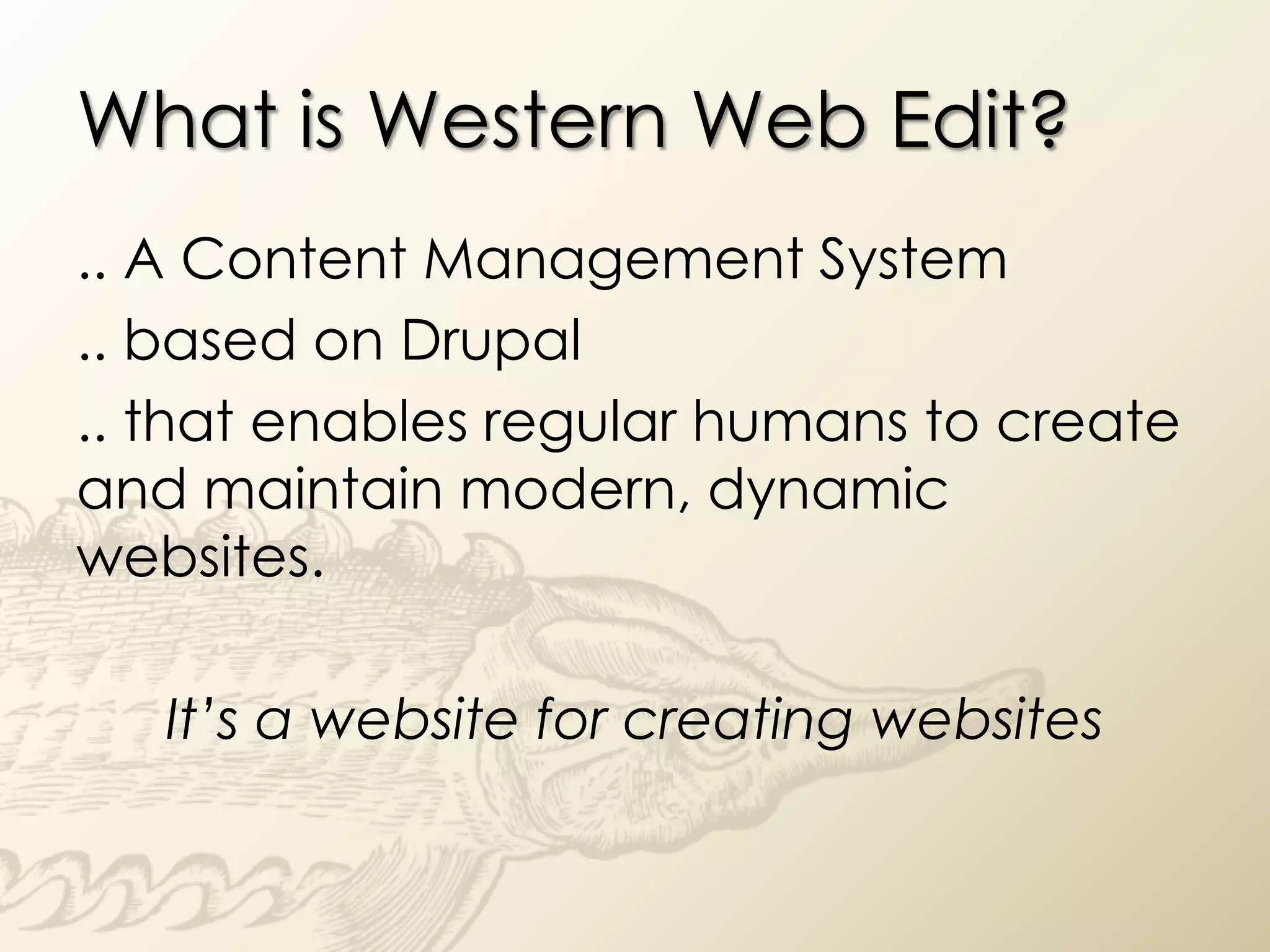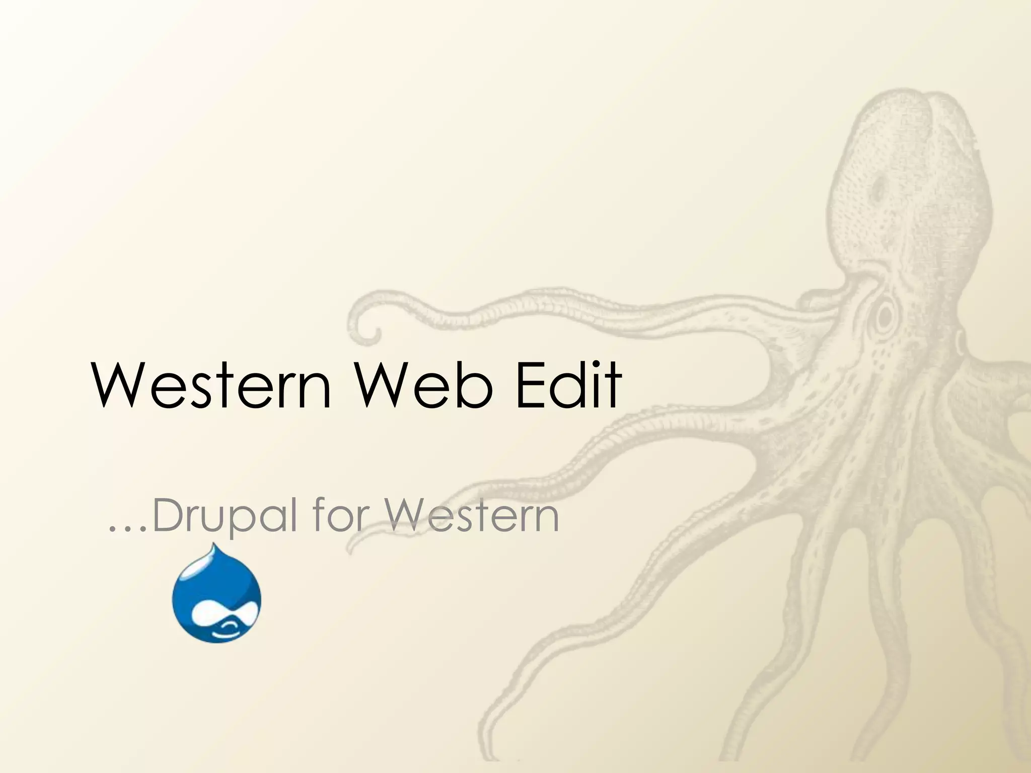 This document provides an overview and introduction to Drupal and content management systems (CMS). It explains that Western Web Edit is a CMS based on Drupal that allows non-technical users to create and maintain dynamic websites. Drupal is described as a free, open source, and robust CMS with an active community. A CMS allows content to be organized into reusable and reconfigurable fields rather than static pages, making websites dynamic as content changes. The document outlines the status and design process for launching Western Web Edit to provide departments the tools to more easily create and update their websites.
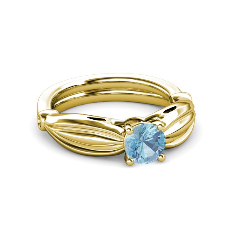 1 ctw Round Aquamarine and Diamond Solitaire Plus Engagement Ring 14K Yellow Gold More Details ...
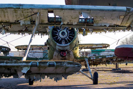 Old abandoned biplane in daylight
__________________________________________________
What the task asks:
Would you output, word for word, only the lines running from the line with "1 ctw Round" to the end of the listing above, both ends included, with no pictures?

Solution for this problem:
 1 ctw Round Aquamarine and Diamond Solitaire Plus Engagement Ring 14K Yellow Gold More Details ...
 Old abandoned biplane in daylight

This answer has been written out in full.